• Oración Preparatoria

    Con el objeto de estar realmente presente en la sesión de oración de hoy, toma un momento para prepararte. Esto requiere alcanzar la quietud, en forma literal y figurativa.

    Primero, encuentra un buen lugar para orar. Si estás confinado en tu habitación, no tienes elección. Pero recuerda, la oración se trata de una conexion real, y no de percibir una perfección. Por eso, encuentra el mejor lugar que puedas.

    Segundo, toma contacto con lo que necesitas para ser llevado a la quietud. Podrías pensar en tres lugares: tu cabeza, tu corazón y tu cuerpo.

    Observa lo que sucede dentro de tu cabeza. ¿Qué es lo que piensas hoy y en qué se diferencia de lo que pensabas ayer? Que no te atrape ningún pensamiento en particular. Sólo observa cómo son tus pensamientos.

    Observa lo que sucede dentro de tu corazón. ¿Que es lo que sientes hoy día, y cómo eso es único para éste día? Nuevamente, no quedes atrapado en ningún sentimiento, Sólo obsérvalos a todos.

    Observa lo que sucede en tu cuerpo. ¿Cómo se siente hoy, y se sentía ayer? Observa las sensaciones que tiene: conformidad, desconformidad, dolor, cansancio, inquietud.
    Ahora observa tu respiración. Quizás hoy tienes dificultad para respirar. Si es así, no te alarmes y respira lo mejor que puedas. Mientras lo haces, reconoce que cada respiración, aunque sea difícil, es un signo del regalo de la vida en tu interior. Agradece a Dios por éste regalo.

    Mientras estás sentado, respirando y agradeciendo a Dios, permite a tu cuerpo que se vuelva pesado. Permite que una sensación de quietud te llegue. Esto puede tomar unos minutos. Guárda esta sensación hasta que te sientas preparado para proceder con nuestra sesión de oración para el día de hoy

  • Tema de Oración: Amado individualmente

    Observen esta fotografía de un viejo árbol. Parece cansado. Está cubierto de enredaderas que lo hacen verse sucio y desarreglado. No es uno de los bonitos árboles del bosque.
    Sin embargo, observando más de cerca, vemos que tiene una insignia de identidad, igual que todos los árboles de la zona. Se le considera igual a los demás árboles, por la persona que los identifica, los cuida y los conoce.
    Si esto sucede con un árbol, ¿cuánto más sucede con nosotros?

    Podemos estar cansados. Podemos estar menos activos que los demás. Podemos ser viejos. Podemos sentirnos inútiles. Podemos ser juzgados por otros. Podemos estar pasándolo mal y sentirnos abandonados. Podemos estar desarreglados y viviendo una vida desarreglada.
    Pero Dios nos conoce a cada uno, y ha colocado una insignia a cada uno. A TODOS nosotros. Igual que el cuidador del bosque, que conoce cada árbol, así es Dios con nosotros.

    Meditemos estas palabras uno y otra vez, y veamos donde nos llevan en este nuevo día.

  • Escritura

    Isaías 49:16   Mira cómo te tengo grabado en la palma de Mis manos.

    Lucas 15:4-7  Si alguno de ustedes pierde una oveja de las cien que tiene, ¿no deja las otras noventa y nueve y se va en busca de la que perdió, hasta que la encuentra? Y cuando la encuentra, se la carga muy feliz sobre sus hombros, y al llegar a su casa recibe a los amigos y vecinos y les dice; “Alégrense conmigo, porque he encontrado la oveja que se me había perdido”.
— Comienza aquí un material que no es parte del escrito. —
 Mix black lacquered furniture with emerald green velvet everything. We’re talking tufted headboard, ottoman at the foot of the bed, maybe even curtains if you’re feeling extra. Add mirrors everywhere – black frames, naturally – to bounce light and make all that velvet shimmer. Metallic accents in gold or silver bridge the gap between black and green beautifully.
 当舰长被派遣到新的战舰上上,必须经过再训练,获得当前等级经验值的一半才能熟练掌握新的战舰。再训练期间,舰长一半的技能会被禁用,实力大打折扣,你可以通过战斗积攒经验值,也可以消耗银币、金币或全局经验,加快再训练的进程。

    Romanos 5:5   Y la esperanza no quedará frustrada, pues ya se nos ha dado el Espíritu Santo, y por él el amor de Dios se va derramando en nuestros corazones.

  • Reflexión

    1. ¿Qué es único en tí?

    2. ¿Qué ven los otros en tí, que tu podrías desconocer?

    3. ¿Que tienes tú para ofrecer al mundo?

  • Oración Final

    Señor Dios Padre, te doy gracias por este tiempo de oración que he realizado, unido a otros que están orando en este día.
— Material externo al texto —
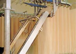 1. The first noodles-producing machine controlled by micro-computers in Taiwan. 2. Abling to adjust the thickness of the noodles easily from both Noodle sides to get any exact thickness you want. 3. Stainless Steel shelf cover keeps the outlook as new as always. 4. The operations between wheel sets are automatically controlled by electric frequency meter and electric eyes. 5. Capacity: Spring Noodle-324kg/h, Cooked(Oil) Noodle-612kg/h.
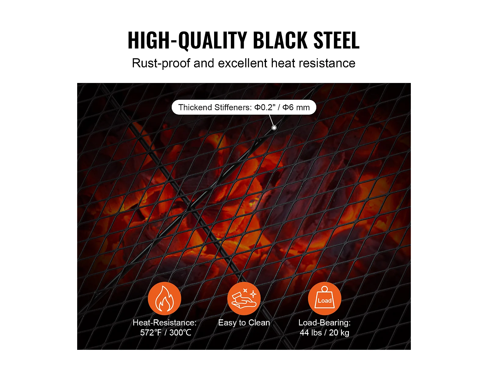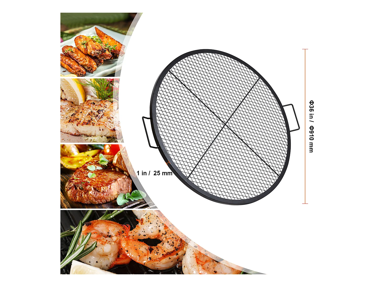 Grille de Cuisson Ronde SucceBuy de 91.44CM, Grille de Barbecue en Acier Robuste avec Poignée et Support en Fil X, Noir
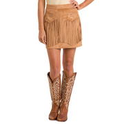 Rock & Roll Women's Microsuede Fringe Skirt- Camel
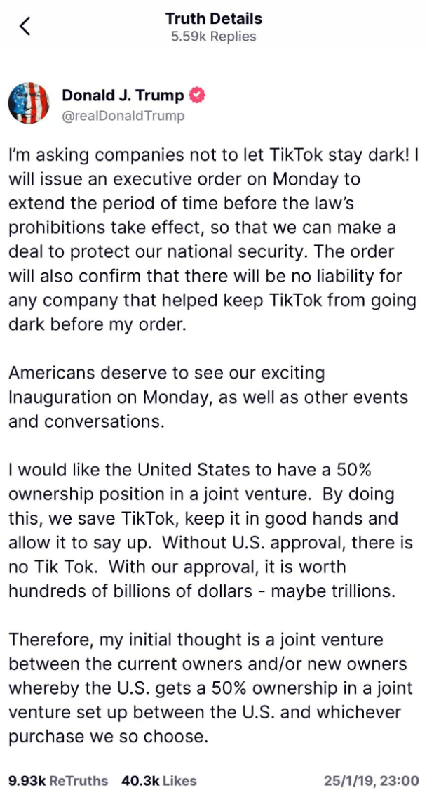 香港時間1月19日深夜,美國當選總統特朗普在社交媒體發文稱,將於週一(1月20日)發佈一項行政命令,延長TikTok禁令法定生效前的時限。他還稱,在行政命令下達前,任何協助TikTok避免關停的公司都無需承擔責任。
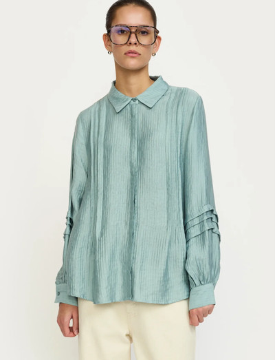 Den här skjortan har en texturerad finish som ger en sofistikerad touch till varje outfit. Designen har en klassisk knappstängning fram och subtilt etagerade ärmar som tillför en unik detalj. Bär den med skräddarsydda byxor eller en avslappnad kjol för en mångsidig stil.
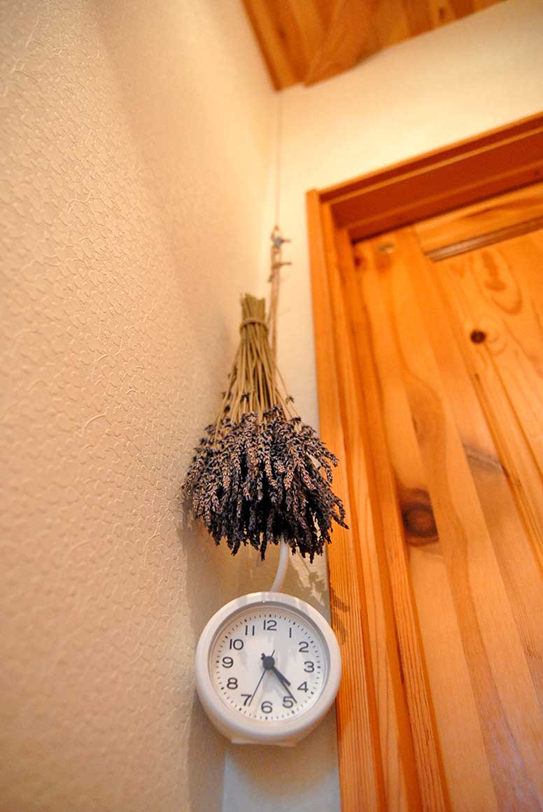 本来浴室のドアノブなどに掛ける為の時計だが、窓を開けることが多く寒さや湿気が入ってくる場所なので、耐久性の高いこの時計を選んだ。本体にフックが付いているので、天井に洋燈吊を捻じ込み、ワイヤーで吊った。それだけでは味気ないので、別途ラベンダーのドライフラワーを取り寄せて吊り下げてみた。
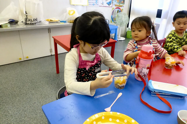 あとはキッズが自分達で作ります。それはパフェ。ちょっとした
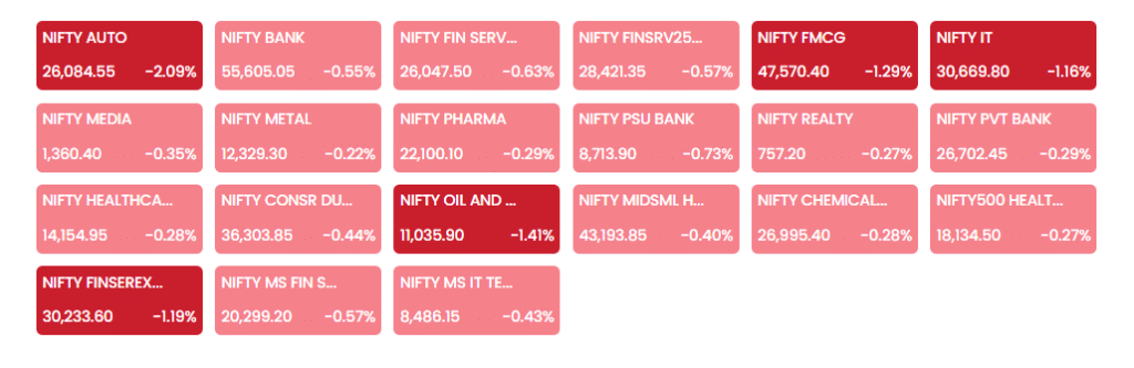 सेक्टोरल इंडेक्स की बात करें तो पावर, डिफेंस और टेलीकॉम को छोड़कर लगभग सभी सेक्टर लाल निशान में बंद हुए. FMCG, ऑटो, IT, एनर्जी और ऑयल एंड गैस सेक्टर में करीब 1 फीसदी की गिरावट देखने को मिली.
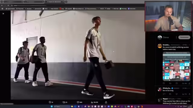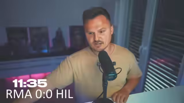 05:37:23In der Pause analysiert der Streamer die Taktik von Xabi Alonso. Die Umstellung auf ein 4-4-2 System mit Nächten als Rechtsverteidiger wird als sinnvoll betrachtet. Trotzdem kritisiert er das Fehlen eines kontrollierten Mittelfeldspiels und fehlende Abläufe im Aufbau. Die zweite Halbzeit begann mit einer taktischen Überraschung: die Umstellung auf eine 3er-Kette, wobei Asensio in die Innenverteidigung rückte.
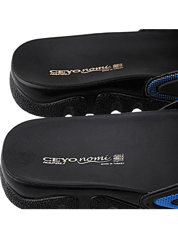 Ceyo Napoli 2 Siyah Mavi Erkek Terlik Etichet

    Estoy también unido al Sagrado Corazón de Jesús, ardiendo con amor por toda la creación. En esta unión me encuentro, uno de muchos y uno de tus hijos amados.

    Ruego por la continua ayuda de tu Espíritu Santo, mientras termino éste tiempo de oración para volver a mis ocupaciones de este día.
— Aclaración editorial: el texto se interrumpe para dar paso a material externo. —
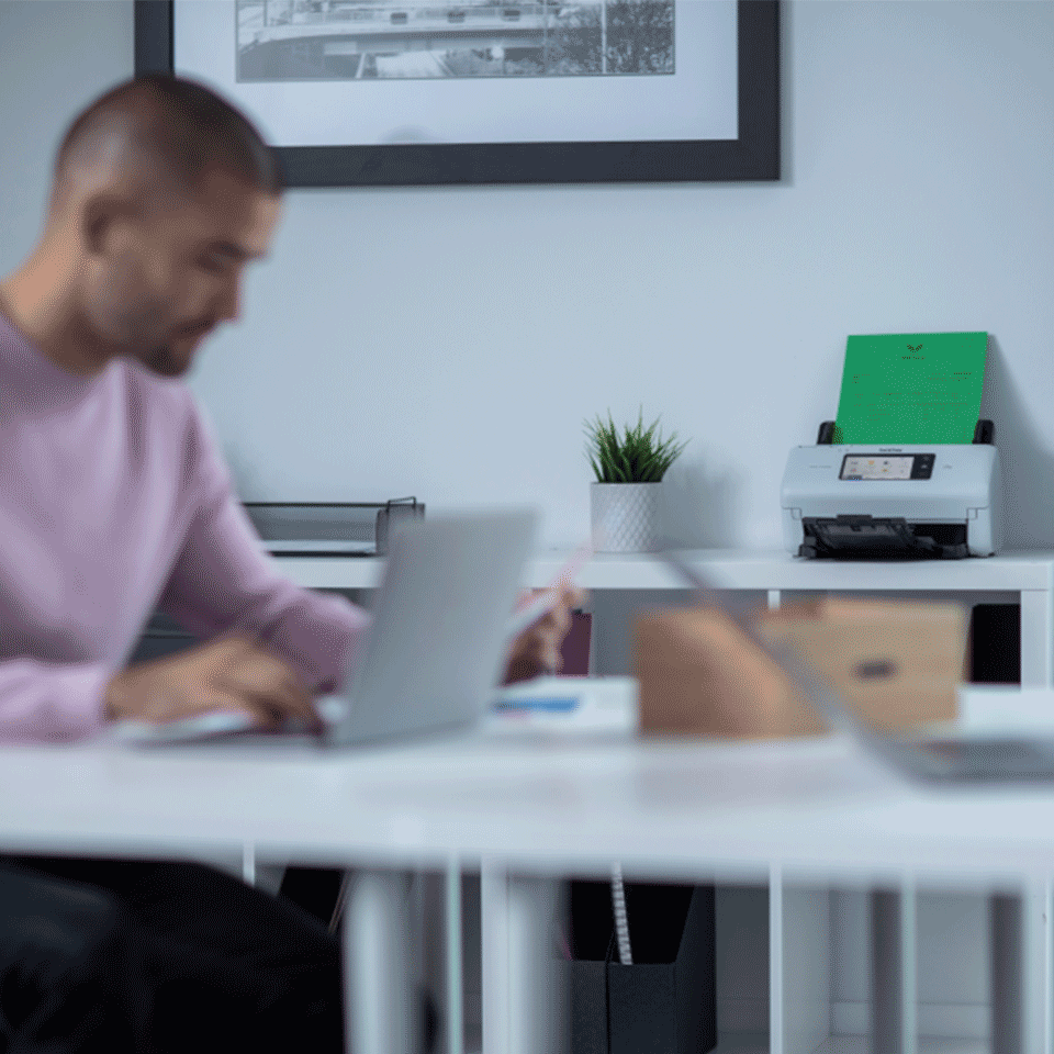 ADS-4700W został zaprojektowany tak, aby umożliwić firmom uproszczenie złożonych przepływów pracy lub procesów operacyjnych. Dzięki temu Twoje dokumenty będą bezpiecznie przechowywane, a udostępnianie i współdzielenie ich z pracownikami stanie się łatwiejsze i niezależne od tego, czy pracują oni z domu, czy z biura.
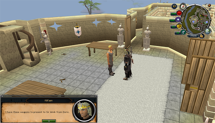 Doric vám tentokrát ukáže zajímavou objednávku. Někdo mu v noci hodil před dílnu bednu s anonymním požadavkem na 25x adamant scimitar. No co, zákazník je zákazník, tak vykovejte potřebné zbraně, naládujte je do bedny a tu položte na smluvené místo – totiž pařez za faladorským obchodem s drahokamy. Abyste se ujistili, že nezásobujete žádné lapky, počkáte si u zdi obchodu.
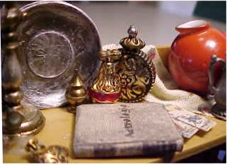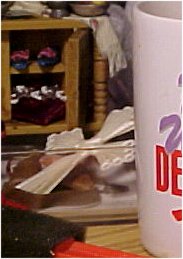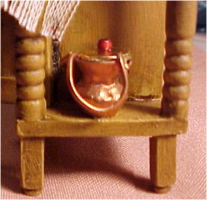 The "pewter" plate standing at the back is a plastic plate from my daughter's old dollhouse! I used a silver paint on it, then an antiquing wash. The orange pitcher is one from a collection of pitchers (not all miniature) that I purchased at an antiques sale in the basement of a church in a small New Hampshire town. Another of those pitchers is shown in the Kitchen Box in the Smaller Shadowboxes pages.

    Ayúdame a guardar las lecciones que necesito, de éste tiempo de oración. Ayúdame además a dejar atrás todo lo que no necesito llevar.

    Sobretodo, ayúdame a estar consciente que estoy conectado a tí todo el tiempo, y que solo necesito hacer una pausa, respirar y orar, para estar profundamente consciente de esto.